The use of stealth at sea by Ukraine, a country with lesser absolute and relative naval capability has enabled that country to exercise effective sea denial against Russia, a larger naval adversary, in the Black Sea, a region of vital strategic importance to both. The effective development of sea denial capability is what the Ukrainian Navy has achieved in the Black Sea in the Russo-Ukraine war through its use of uncrewed vehicles, especially uncrewed surface vessels (USVs).

The Black Sea is of significant importance to both countries. In a largely land-centric war, it is a maritime region through which Russia, for example, can attempt to flex its muscles to deter other actors from trying to shape the conflict. Operating from key bases at Sevastopol in Crimea and Novorossiysk in Russia, the Russian Navy can use the Black Sea to hem Ukraine in, to conduct land-attack strikes using long-range sea-launched cruise missiles from surface ships and submarines, or to consider amphibious actions along Ukraine’s southwestern coast.

Moreover, Russian naval forces roaming across the Black Sea implementing a naval blockade and conducting extensive mining can make it very difficult for commercial ships to operate there. For example, ships exporting Ukrainian grain under the Black Sea Grain Initiative have – when permitted to sail – been operating at significant risk. With Western naval powers denied entry into the Black Sea by Turkey’s closure (under the 1936 Montreux Convention) of the Bosporus/Dardanelles straits to any warship or submarine not homeported in the Black Sea, in naval terms the opportunity was there for the Black Sea to become a Russian-dominated body of water.

On his open-source intelligence defence analysis website Covert Shores, H I Sutton provides a detailed timeline of events in the Black Sea during the war (with the piece last updated on 14 October 2023). War broke out in February 2022. Sutton noted that, by 3 March 2022, most of the Ukrainian Navy’s warships had been captured, sunk, or scuttled. “Ukraine, whose fleet was massively out-gunned, is left with only a few smaller vessels,” Sutton wrote. Yet, as the saying goes, no plan survives first contact with the enemy.

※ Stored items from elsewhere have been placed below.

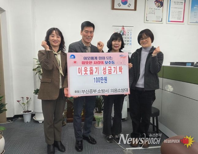 뉴스펀치 김윤걸 기자 | 부산중부소방서 의용소방대(남성대장 이봉석, 여성대장 심경란)가 지역 내 어려운 이웃을 돕기 위해 지난 23일 보수동 행정복지센터에 성금을 기탁했다.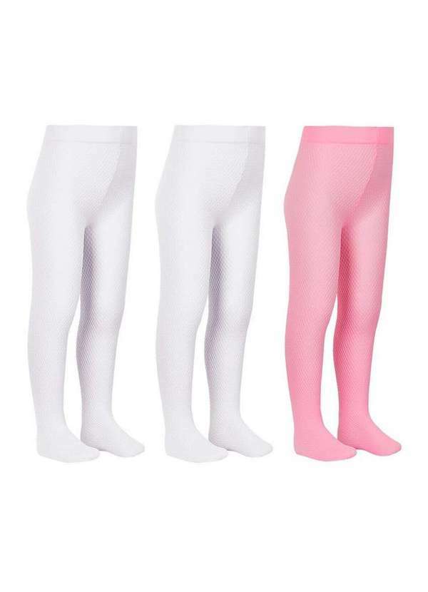 Lupo - Kit com 3 Meias Calças Bebê Fio 70 Cute Lobinha 2554-001 Branco-Rosa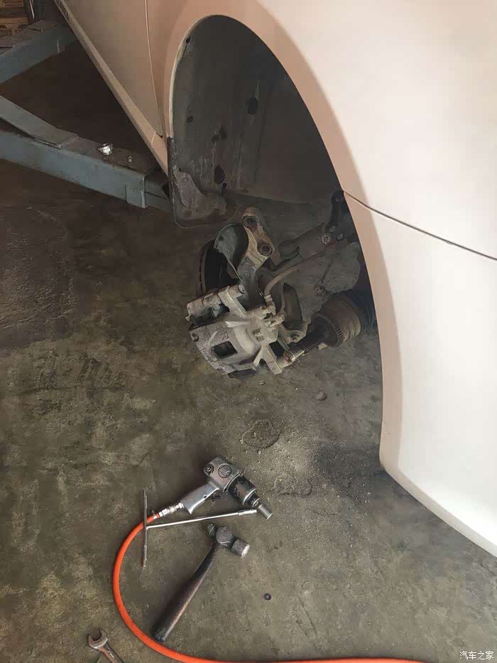 不光要拆轮胎,还要把传动轴(应该是这个名字)拆掉,不然变速箱抬不下来,说实话很麻烦,我看着都头疼

For Ukraine, the Black Sea also is strategically critical. It has acknowledged laying minefields to keep Russian naval forces out of reach of its southwestern shores. It needs to shape events in the Black Sea to isolate Crimea, for example by targeting the Kerch Strait Bridge with long-range strikes and conducting amphibious raids on Crimea to target Russian surveillance capabilities. Perhaps most important for Ukraine was to stop Russian naval forces from operating in the Black Sea. Certainly, it has succeeded in severely restricting the activities of major Russian Black Sea Fleet assets. It has done so in large part by using uncrewed systems, enabled by stealth technology and tactics, to attack Russian ships and submarines at sea and in port.

The first signs of what would become a significant Ukrainian capability for conducting effective sea denial operations using stealthy, uncrewed systems emerged in late March 2022, when various Russian navy ships were hit at sea and in port. Sutton noted that Russia stopped using the port of Berdyansk, the target of one attack, for resupply. On 13 April 2022, the Russian Navy Slava-class cruiser Moskva – Black Sea Fleet flagship and a central presence of Russian naval operations in the Black Sea, Mediterranean Sea, and Indian Ocean for many years, was hit by two Ukrainian Neptune anti-ship cruise missiles (ASCMs), and sank the next day. It could be argued that the sinking of the Moskva was due to a lack of air-defence capability – as well as a ship technology, readiness, and operational – issue, and not a stealth capability issue.

However, subsequent developments demonstrated that a primary route Ukraine would use to offset its absolute and relative lack of naval numbers and capability was an asymmetric one – deploying stealth capability through the covert use of uncrewed vehicles.

USV Operations

In the maritime domain, Ukraine has mastered the use of uncrewed vehicles in the air, surface, and sub-surface domains – including uncrewed aerial vehicles (UAVs), uncrewed surface vessels (USVs), and uncrewed underwater vessels (UUVs) – and in a way that has demonstrated to even major Western navies just how much value such capabilities can add, at the tactical, operational, and strategic levels, when used in the right way. This has been particularly true with Ukraine’s USV use.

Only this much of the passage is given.